Billions of dollars invested to create novel AI hardware will bear their early fruit in 2020.
Google unleashed a financial avalanche with its tensor processing unit in 2017. The past year saw specialized AI processors from Alibaba, Cerebras, Graphcore, Habana, and Intel, with many others in the pipeline. These new chips will find their way slowly into research labs and data centers. I hope the AI community will embrace the best of them, pushing the field toward better models and more valuable applications.
How can machine learning engineers know whether a newfangled alternative performs better than the conventional CPU-plus-GPUs combo?

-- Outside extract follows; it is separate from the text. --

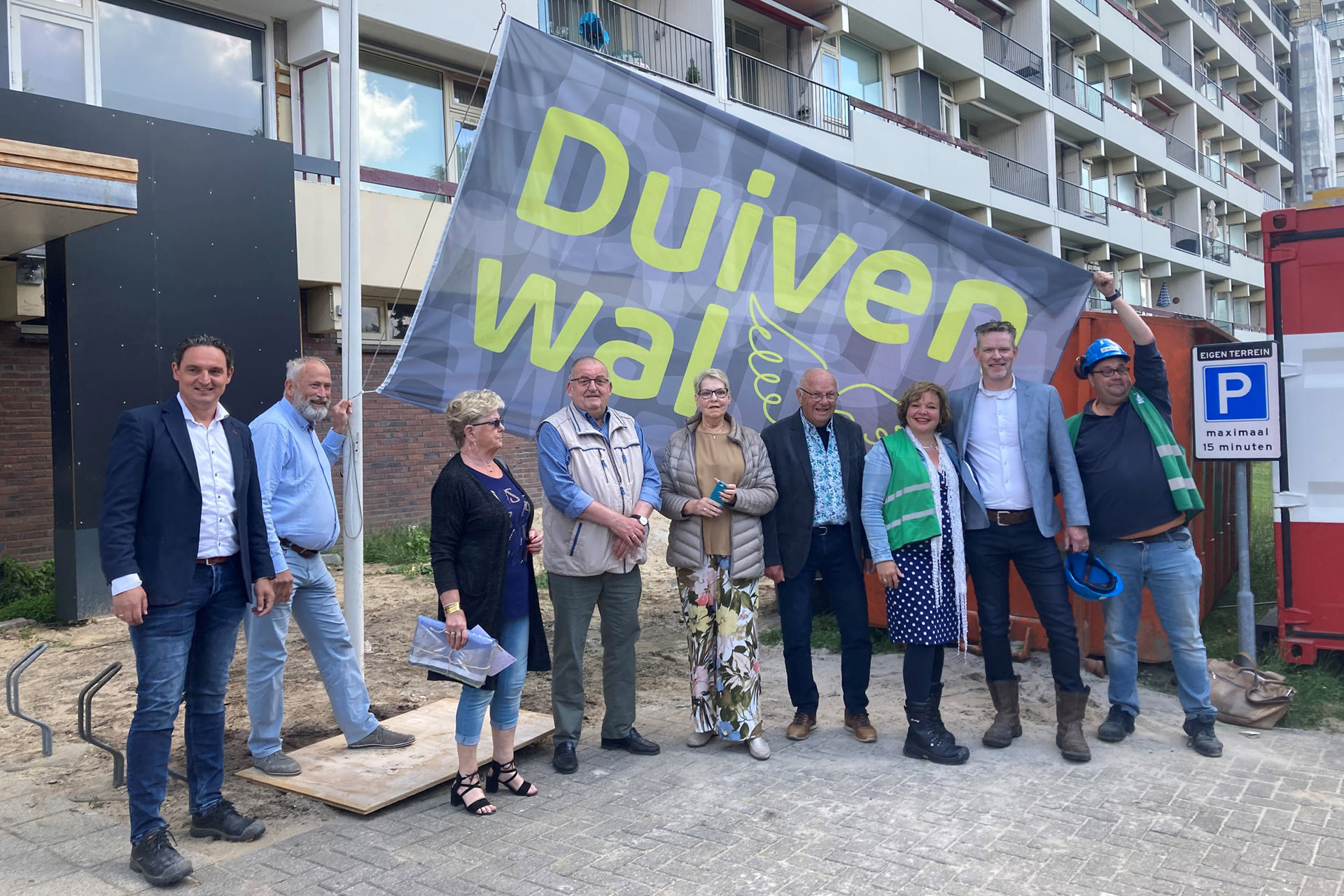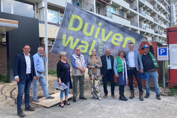 Mijlpalen zijn er om samen stil te staan bij het werk dat al is verzet en voorzichtig vooruit te blikken naar het komende eindresultaat. Ruud Eberwijn, gebiedsregisseur bij Veenvesters , Mark Bokdam, bedrijfsleider bij Van Wijnen Eibergen en Eric van der Ploeg, adjunct-directeur bij Trebbe markeerden, onder toeziend oog van de bewonerasadviesgroep en het uitvoeringsteam, deze mijlpaal met het hijsen van de Duivenwal-vlag. Deze nieuwe vlag staat symbool voor een toekomstbestendig Duivenwal waar bewoners fijn, veilig en comfortabel kunnen wonen.

Computer architecture is graded on a curve rather than an absolute scale. To account for differing computer sizes, we normalize performance by price, power, or numbers of chips. Competitors select a set of representative programs to serve as a benchmark. Averaging scores across many of these programs is more likely to reflect real performance than scores on any single one.
MLPerf is a recent benchmark for machine learning created by representatives from more than 50 companies and nine universities. It includes programs, data sets, and ground rules for testing both inference and training, specifying important details like the accuracy target and valid hyperparameter values. New versions occur every three months (alternating inference and training) to keep up with rapid advances in machine learning.
Not every product can win a fair comparison, so some marketing departments may sidestep MLPerf, saying some version of, “Our customers don’t care about the programs in MLPerf.” But don’t be fooled. First, MLPerf welcomes new programs, so if a given workload isn’t in MLPerf, it can be added. Second, competitors check MLPerf results for fairness to ensure apples-to-apples comparisons.
Caveat emptor. Ask to see MLPerf scores!
David Patterson is a professor of computer science at UC Berkeley.